My greatest challenge in writing the Velvet Bridge was to tell the tale in such a way to expose the flaws in my protagonist, Mattie Featherstone, and not leave the reader disliking her. Even though the behavior and life decisions Mattie makes in the beginning are below the standard of acceptable behavior and decency, particularly for a mother, my job is to make sure the reader loves her anyway.

True-to-life fiction is different from other kinds of fiction, in that the writer must not wander away from the truth, must not sugarcoat, or whitewash. Two principles I know to be true: the first is that not one of us knows the real value of our worth, the stuff we are made of, until we have been tested by powers beyond our control; the other is that until we have walked in their shoes, we are not qualified to judge anyone. On these two premises, Mattie’s character is based.

The callousness Mattie exhibits toward her children, depicting the reality of the time and place, contrasts the love she showed for them prior to her husband’s death. Clearly, this indicates that something has gone "haywire" inside her. I found myself at the mercy of the character and her experiences, her behavior and her choices, wishing not to offend the reader with the vulgarity and crude associations to which the widowed Mattie subjects herself and her daughters. I think the most difficult thing a fiction writer faces is allowing a character to develop in her own way. The circumstances must be allowed to influence, and often dictate, the character’s choices, not always the writer’s. In The Velvet Bridge, I had to give Mattie complete freedom to royally screw up, to color herself in such a bad light that I ran the risk of alienating the reader.

I want the reader to forgive her and care about her, rejoicing with her when she overcomes and triumphs in the end. In real life situations, the person who stumbles, but prevails, and moves forward in a positive way, gains respect, past sins forgiven. True to life fiction should mirror real life, and the assumption is that the reader will react to the fictitious drama the way he or she would to real life drama. When this does not happen, the writer has failed in presenting the right tone in the storytelling.

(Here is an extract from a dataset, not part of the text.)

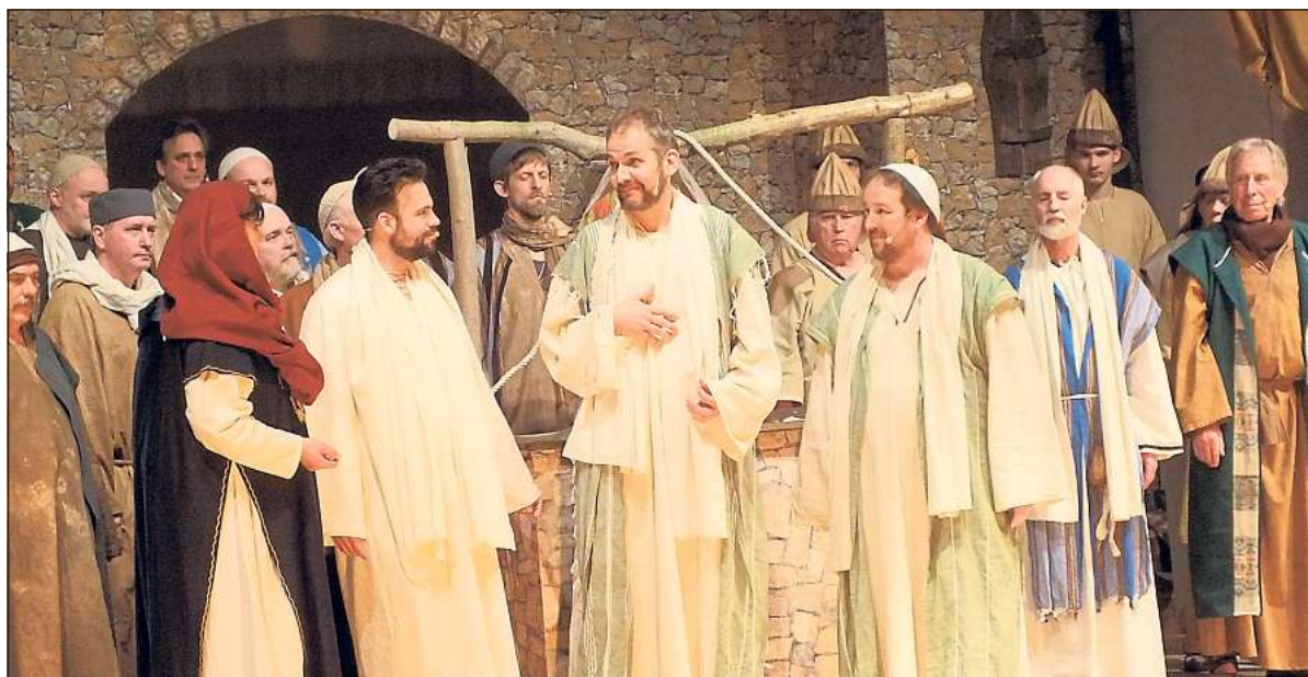
Eindrucksvoll schon bei der Generalprobe: Paulus und sein Gefolge treffen auf eine gläubige, jüdische Tuchhändlerin.

When the protagonist is a mother, like Mattie in The Velvet Bridge, and ill-equipped psychologically, and sociologically, to cope with what life has dealt her, the result can be devastating and far-reaching. Therein lies the tension, the dynamics for a rich tale, both in plot and character development. But it takes a fine hand indeed to know what to lend to, or take away from, the process. A good, plausible accounting for why the protagonist reacts in a particular way to events and situations requires complete knowledge of her by the writer.

I find myself exploring, in most of my writing, circumstances where people are in conflict with their own environment and their need to escape—no matter what. I am drawn to the conditions of poverty and ignorance, and the injustice and the absence of dignity found there. Most people do not choose to live in poverty, or in ignorance. Too often they simply lack the physical, emotional, or mental strength required to rise above the daily grind of it, in an honorable and noble way. The very nature of poverty and ignorance keeps people trapped by it, enslaved in a curious way to its degradation.

There is such a need for intervention, even now in the 21st Century. Reports show as many as one out of five adults is illiterate, unable to read most of the writing on their own paychecks. Children are growing up illiterate and abused more today than ever. Government can only do so much, but the human touch—the helping hands and caring hearts of gentle people in every community—can change lives, strengthening families for generations to come.

Women—poor, uneducated, and without assistance—like Mattie, living out their lives during the first half of the 20th Century, rarely raised themselves above such a low position. Without the intervention of kind people, concerned citizens, women like Mattie were lost, their lives wasted. The Velvet Bridge is a story with a happy ending, one I wish I could create for all women and children living in poverty, abuse, and illiteracy today.